Information supplied:
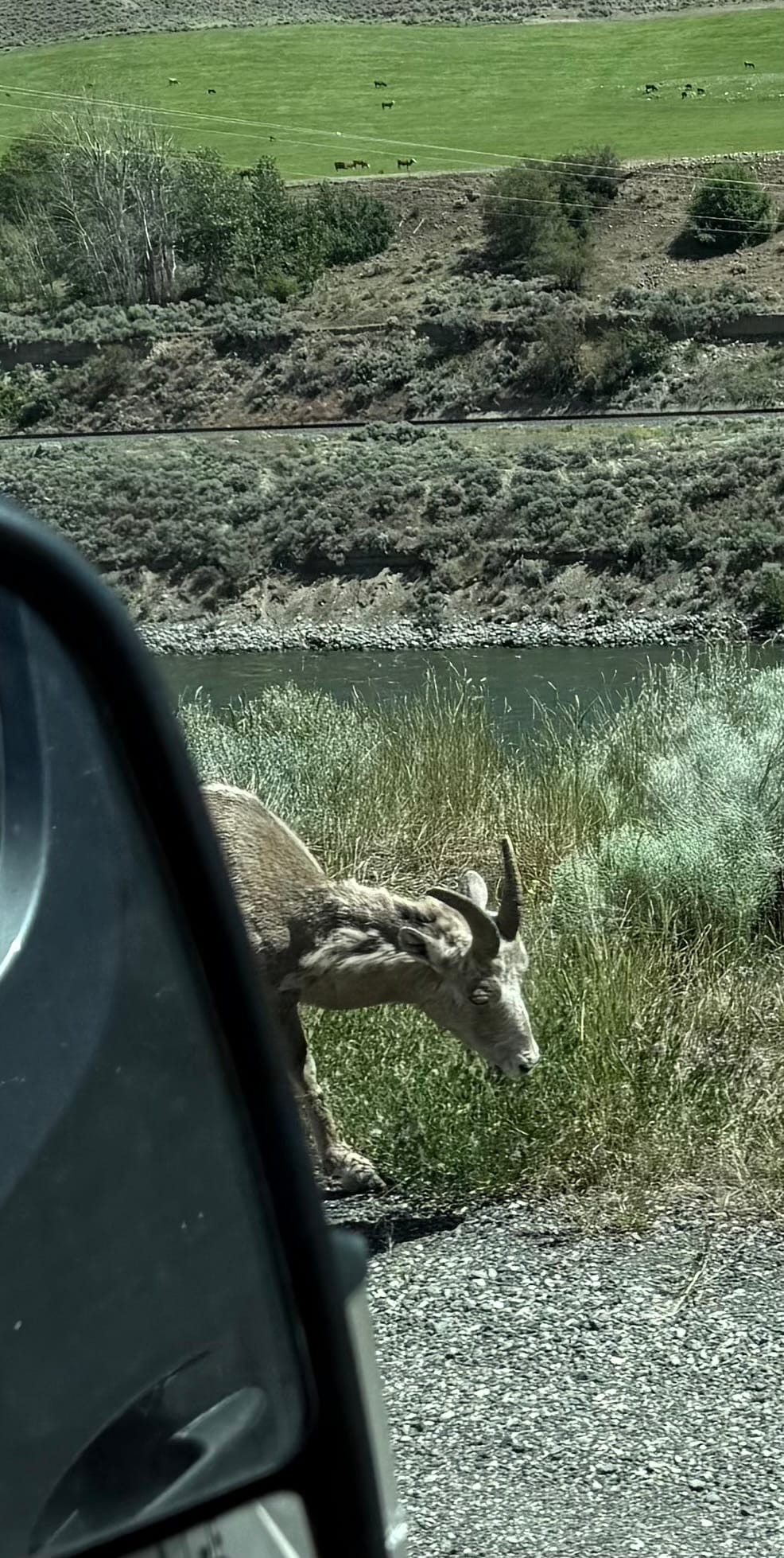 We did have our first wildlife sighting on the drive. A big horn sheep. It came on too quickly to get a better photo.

...

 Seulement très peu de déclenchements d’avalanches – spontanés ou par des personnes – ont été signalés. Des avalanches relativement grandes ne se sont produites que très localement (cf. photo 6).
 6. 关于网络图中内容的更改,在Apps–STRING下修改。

Work instructions: Take the listing above and repeat exactly the lines from the one containing "Seulement très peu" through the one containing "6. 关于网络图中内容的更改,在Apps–STRING下修改。", both included.

Solution to this problem:
 Seulement très peu de déclenchements d’avalanches – spontanés ou par des personnes – ont été signalés. Des avalanches relativement grandes ne se sont produites que très localement (cf. photo 6).
 6. 关于网络图中内容的更改,在Apps–STRING下修改。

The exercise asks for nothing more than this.